Falta de conhecimento não é a única justificativa para os escalpelamentos, na visão da coordenadora de Educação, Saúde e Mobilidade Social da Secretaria de Saúde do estado, Socorro Silva. "Existe uma cultura forte de pessoas que acham que nunca vai acontecer com elas", afirma. Apesar de defender a crença como principal motivo, Socorro reconhece que as informações não chegam a todos. "Temos tentado fazer uma cobertura ampla, mas existem regiões em que o acesso é 90% com barco e cada rio tem uma dezena de igarapés que se multiplicam", argumenta. Ao Correio, a Marinha afirmou que tem feito campanhas ostensivas por rádio, meio de comunicação mais usado na região.
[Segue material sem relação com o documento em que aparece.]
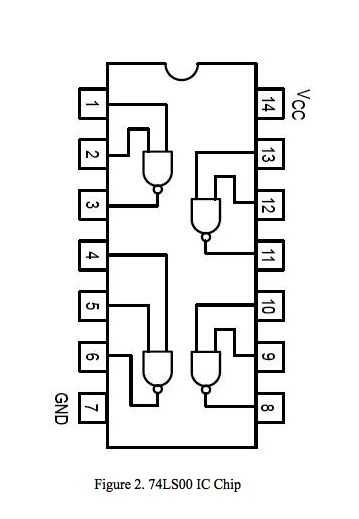 También, vamos a utilizar la viruta del IC 74LS00 para construir las configuraciones derivadas basados en NAND en un protoboard para confirmar los resultados. Nota que Pin #7 es tierra conectado y Pin #14 está conectado a la tensión de alimentación (5V).
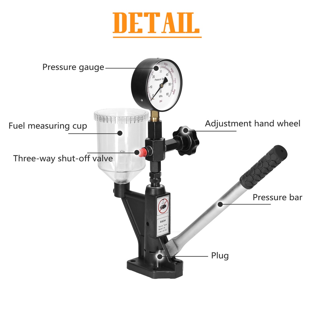 60Mpa Nozzle Pop-Pressure Fuel Injector Calibrator Dual Scale Gauge Tester 0-400BAR Common Rail Tool

Denúncias A coordenadora aponta ainda o crescimento econômico do país como outra razão para o crescente número de casos. Em algumas regiões, o único meio de transporte viável é o barco e, segundo ela, a primeira coisa que os ribeirinhos fazem quando conseguem algum dinheiro é comprar um. "São pequenos, carregam a família e ainda servem como fonte de renda, pois transportam vizinhos e mercadorias", explica. A proximidade também é a principal barreira da punição em relação o descumprimento da lei que obriga os barcos a colocarem proteção. "Como os acidentes geralmente ocorrem na embarcação da família, a vítima não vai à delegacia denunciar o pai. Essa é uma discussão que precisamos avançar."